OS/360 included spooling routines, called reader/interpreters and output writers. Each reader/interpreter was "responsible for reading one input job stream" – that is one input device. Likewise each output writer was responsible for controlling one printer or punch. Spooled data were stored in OS temporary datasets controlled by standard OS services. Each reader/interpreter or output writer was a separate operating system task in its own partition or region. (Note: However, RJE and the later CRJE called the Reader/Interpreter as a subroutine and performed the functions of an output writer within its own partition/region.) A system with a large number of readers, printers, and punches might have a large number of spooling tasks.

HASP was developed by IBM Federal Systems Division contractors at the Lyndon B. Johnson Space Center in Houston. The developers were Tom Simpson and Bob Crabtree. HASP was a program that ran on a mainframe, and performed functions such as: scheduling, control of job flow, spooling and printing/punching. HASP had no support for IBM System/360 Operating System Remote Job Entry, 360S-RC-536, but provided roughly equivalent facilities of its own.
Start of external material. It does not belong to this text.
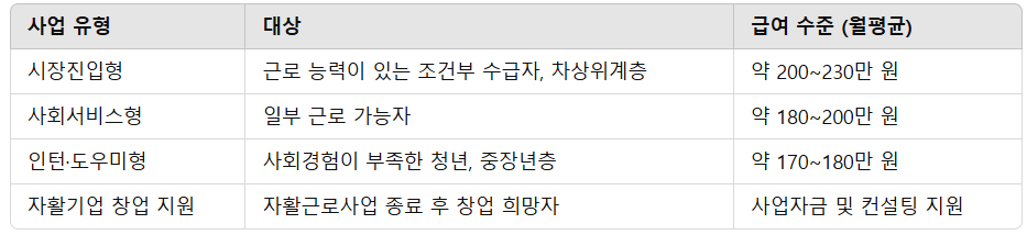 자활근로사업 참여자는 근무 형태에 따라 급여를 받게 됩니다. 일반적으로 월 170~230만 원 정도이며, 유형에 따라 차이가 있습니다.

In HASP II V3, Roger Fajman, Bill Jones, and Jim Oberthaler of NIH created the shared spool capability for HASP that was used by many mainframe sites. It allowed each HASP system to share a common spool and checkpoint. This enabled workload balancing in a multi-mainframe environment. In HASP II V4, Don Greb and Dave Miko of Mellon Bank moved HASP shared spool to this version. Don Greb of Mellon Bank carried it forward into JES2 multi-access spool (IBM's formal support of HASP in MVS). Over 350 copies of the HASP II V4 shared spool mods were distributed around the world by Mellon Bank. The shared spool Mellon Mods were added to the SHARE distribution process so they could be more widely accessed. The "Mellon Mods" were the base for Jes/2 Multi Access Spool.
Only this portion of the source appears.